Successful Workshop Fault tolerant algorithms and resiliency approaches

28 Jan 2019
ESCAPE-2 organised a workshop oh fault tolerant algorithms and resiliency approaches on the 23rd and 24th of January 2019 in Milan, Italy. The workshop consisted of a first day of seminars by experts in systems resilience and fault-tolerant numerical algorithms and a second day of scientific discussions of the same experts with project participants. The presentations gave a detailed picture of the state of the art in the field and established connections with operational workflows and numerical algorithms used in atmospheric applications. 

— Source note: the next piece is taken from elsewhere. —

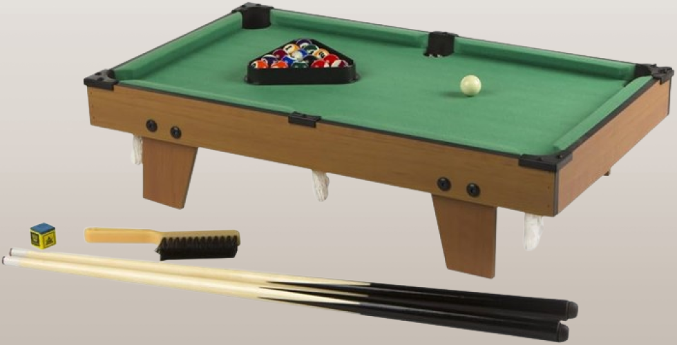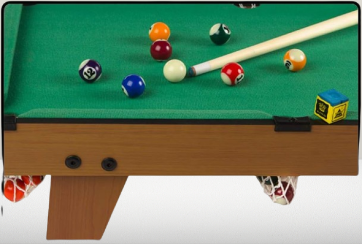 El billar de sobremesa con estructura de madera mide 62x36x15 cm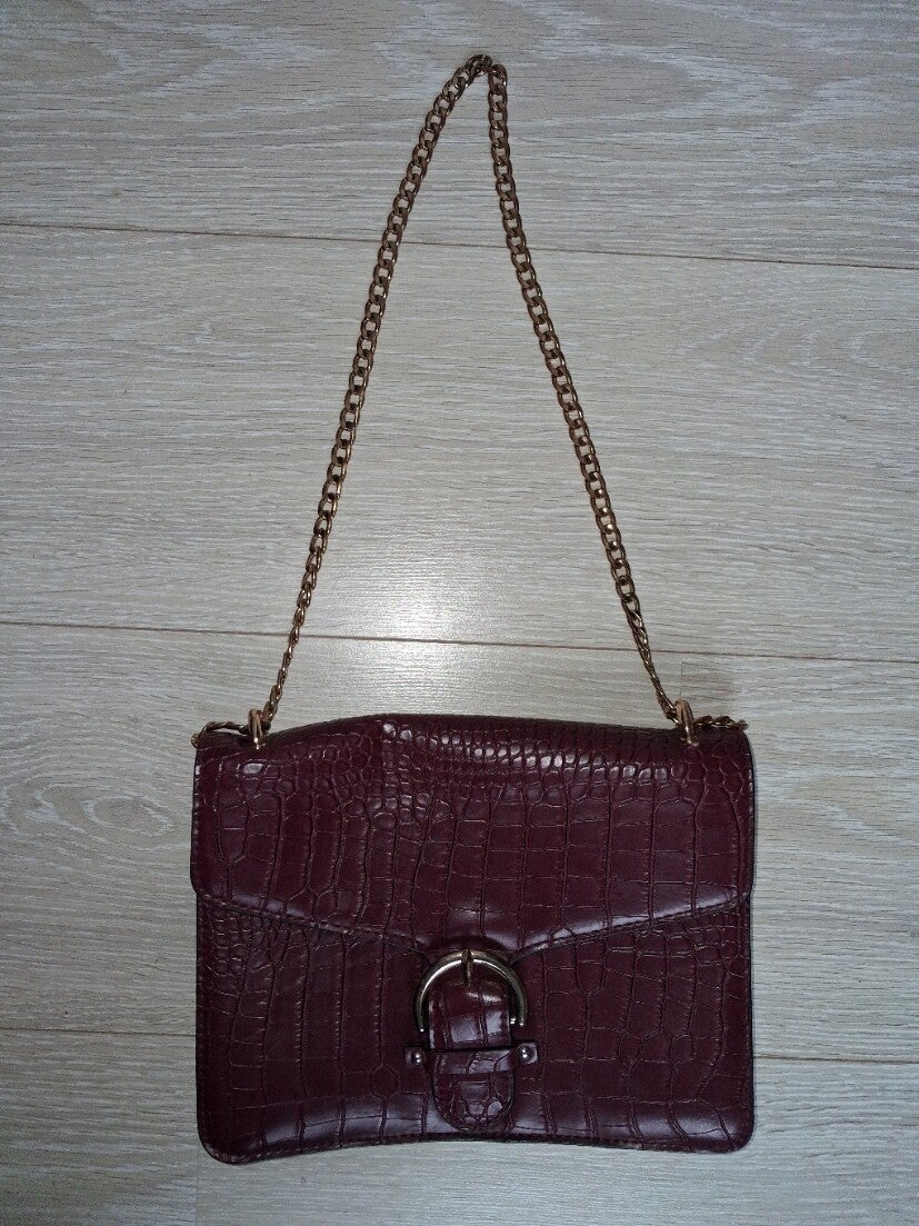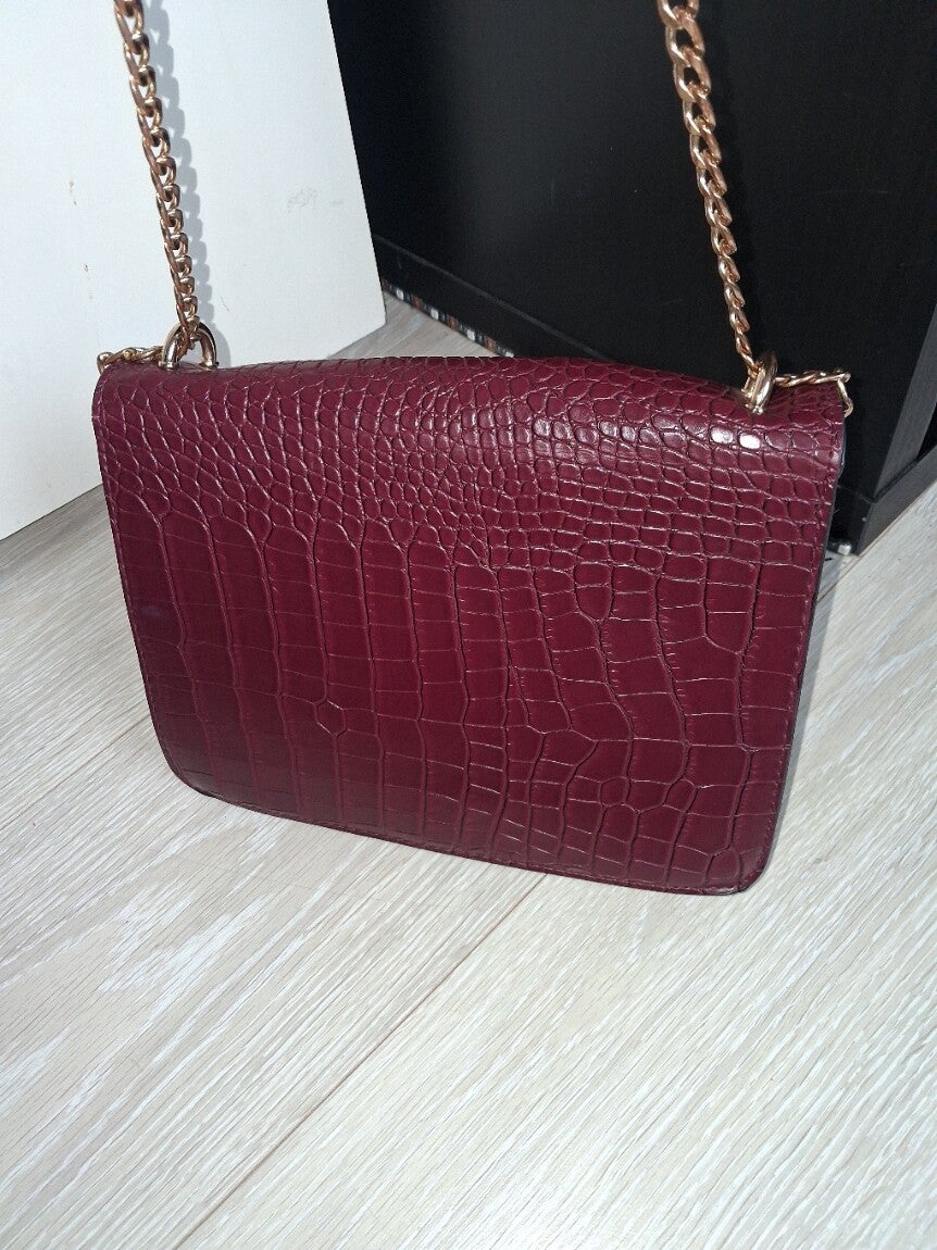 Mooie nette schoudertas met krododillen leer look, in sjieke kleur wijnrood, met goudkleurige schouderketting. De voorkant heeft een magneet sluiting. Aan de binnenkant vind je 2 vakken en aan de zijkant 1 apart open vakje. De tas heeft de afmetingen 25cm x 19cm. Heeft alleen lichte beschadiging zie foto binnenin de tas op de zwarte randjes.

During the discussion sessions, participants explored more in detail how to complement existing numerical weather and climate prediction models with resilience and fault-tolerance techniques. Specific recommendations included benchmarking NWP data volume and operational requirements, pairing fault-tolerant algorithms with system resilience in consistent workflows, coordinating with vendors to provide detailed hardware fault information, and embedding fault-tolerance in domain-specific language programming paradigms. 

The conclusions of the workshop will feature in a white paper to be submitted as an ESCAPE-2 project deliverable, and will inform the investigation of hardware and software resiliency tools within existing and future ESCAPE-2 project dwarfs. Presentations can be found on the workshop page.